Luigi di Maio, Italy’s Deputy Prime Minister and leader of the anti-establishment 5-Star Movement hailed the “winds of change across the Alps” yesterday on Twitter after meeting with Yellow Vest activists Cristophe Chalencon and Ingrid Levavasseur.
In a statement on the decision, France’s foreign ministry accused Italian officials of making “outrageous statements” and “repeated, baseless attacks” for months.
The statement said the attacks were without precedent since World War 2.
“Having disagreements is one thing, but manipulating the relationship for electoral aims is another,” it said.
“All of these actions are creating a serious situation which is raising questions about the Italian government’s intentions towards France,” it added, making clear that Paris is increasingly worried by Di Maio and Salvini’s vocal support for the protest movement and its possible ramifications.
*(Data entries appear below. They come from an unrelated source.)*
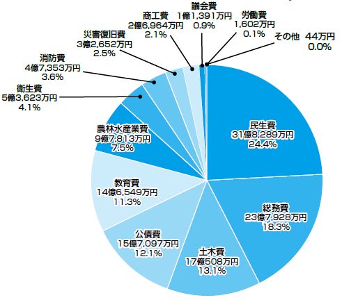 歳出は、総額で前年度に比べ5億724万円増額の130億1︐813万円となりました。教育費や農林水産業費などは減額した一方で、総務費や災害復旧費などが増額となりました。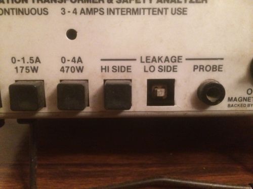 “This item has been plugged in and LED lights up. This is a used system that does not include the probe. One of the push buttons is missing but still functions properly. This also includes the original Manual, and Schematic.” |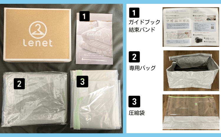 中には①ガイドブック、②専用バッグ、③圧縮袋が入っています。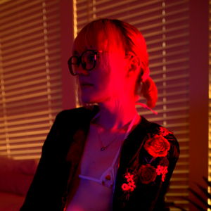 The image displays a person wearing glasses, seated indoors. The individual is donning a red piece of clothing, which is likely to be a shirt or a sweater, that provides a vibrant contrast to the otherwise subdued environment. The glasses they wear are prominent, suggesting a sense of intellectualism or simply a need for vision correction. The interior setting is well-defined. It appears to be a room with a window and window blinds, the slits of which are partially open allowing some light to seep in. The wall in the room provides a neutral backdrop to the whole scene, its plainness broken only by the window. The mood of the image seems to be calm and relaxed, with the person possibly engaged in some quiet, introspective activity. The presence of the window and blinds indicate a private space, perhaps a home or an office. The overall composition of the image indicates a normal, everyday scene, but the person's red clothing adds a dash of bold color to it.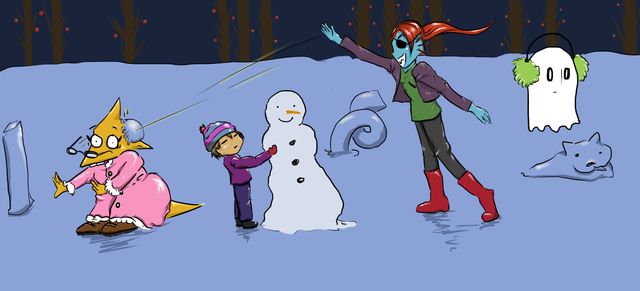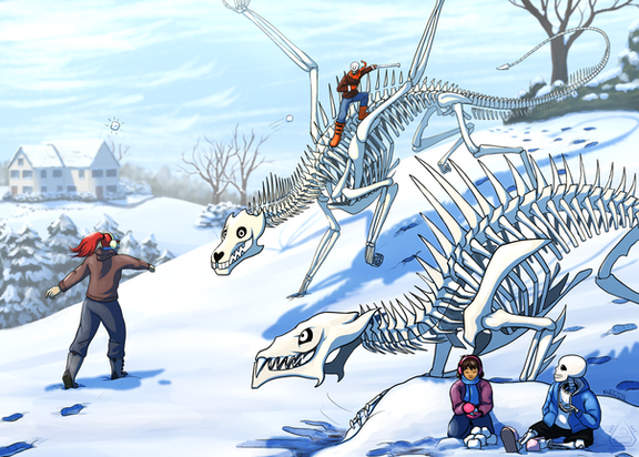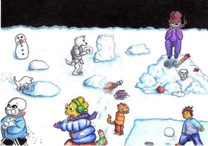 Snowball fights + giant blaster dragons = chaos! This was my gift for the Papchat secret santa--Quill, the recipient, requested the subject, but it honestly feels like a gift for me too because i had a lot of fun coming up with all the shenanigans and drawing everyone having fun. Quill loved it, so Iβm posting it here and sharing it with you all here on DA as well--it's also been cross-posted to my tumblr, eheh.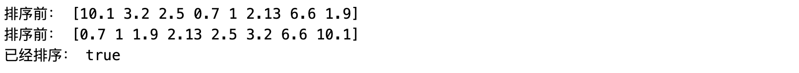 排序前: [10.1 3.2 2.5 0.7 1 2.13 6.6 1.9] 排序后: [0.7 1 1.9 2.13 2.5 3.2 6.6 10.1] 已经排序: true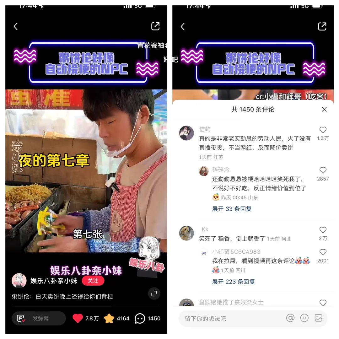 有人是刻意模仿明星,有人则是凭借与明星相似的外形“被迫”出圈。“粥饼伦”火了之后白天继续卖煎饼,晚上背周杰伦的歌词梗。“做饼需要多上时间?一首歌的时间”,“不能说的秘密都给你加进去”,“这是第几张饼,夜的第七章”……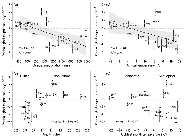 (d)物候温度敏感性在温带与亚热带气候之间不存在显著差异。

A diplomatic feud has been bubbling between Paris and Rome over repeated expressions of support for the protests coming from top Italian officials. Di Maio’s co-deputy PM Matteo Salvini said this week that French people “will be able to free themselves from a terrible president” in May after European parliamentary elections take place.
Chalencon and Levavasseur are themselves planning to run in those elections, according to French media reports.
Responding to the decision to recall the ambassador, Salvini struck a more diplomatic tone, saying he would be happy to meet with Macron to discuss recent tensions and that Italy does not want to fall out with France.
He added, however, that France must stop sending migrants back into Italy and must stop carrying out long security checks which block traffic at the border.